December 28, 2011 - Pledge of Allegiance Day

-- United States

On this day in 1945, U.S. Congress officially recognized the Pledge of Allegiance as an American flag salute. The original pledge was written by Baptist minister Francis Bellamy half a century before, for a public school program. Bellamy apparently never considered putting in a line about God (the words “under God” were added to the pledge in the 1950s), but he did want to include the word “equality.” Because Bellamy knew that powerful people who would see the program were against equality for women and for black people, he backed off from his good idea and simply wrote:

I pledge allegiance to my Flag and to the Republic for which it stands, one nation, indivisible, with liberty and justice for all.”

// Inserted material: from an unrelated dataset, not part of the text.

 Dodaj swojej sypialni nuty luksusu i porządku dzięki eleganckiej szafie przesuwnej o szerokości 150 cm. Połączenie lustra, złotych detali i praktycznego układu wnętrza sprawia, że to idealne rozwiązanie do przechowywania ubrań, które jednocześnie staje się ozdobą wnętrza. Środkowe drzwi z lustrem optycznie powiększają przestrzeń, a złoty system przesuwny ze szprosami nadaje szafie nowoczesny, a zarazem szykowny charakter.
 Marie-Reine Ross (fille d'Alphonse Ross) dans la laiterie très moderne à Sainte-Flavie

Did you know that in Bellamy's day
(late 1800s and early 1900s),
children saluted the flag
with a straight, upraised arm?
Can you guess why that was
changed to another quite different salute?

In the 1920s, the National Flag Conference changed Bellamy's words “my Flag” to the phrase “the Flag of the United States of America.”  Bellamy disliked the change and protested it. Bellamy's granddaughter has said that he would also have resented the addition of the words “under God.” Apparently he had been pressured into leaving his job of minister because of his socialist ideas; eventually he left the Baptist church altogether.

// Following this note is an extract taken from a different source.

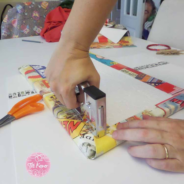 Lo primero que vamos a hacer es forrar la plancha de poliespan con la tela, para ello la grapamos a la plancha con una grapadora de tapizado.

Some people want to change the pledge to a version close to Bellamy's original concept:

I pledge allegiance to my Flag, and to the Republic for which it stands, one nation, indivisible, with equality, liberty, and justice for all.”

By the way, did you know that the Supreme Court ruled that nobody can require others to salute the flag or say the pledge? In 1940, the court ruled by an eight to one vote that the government could make people show respect for the flag because it was the central symbol of national unity. But just three years later, by a six to three vote, it reversed its ruling, saying that the right to free speech guaranteed in the First Amendment meant that people did not have to salute the flag or say the pledge.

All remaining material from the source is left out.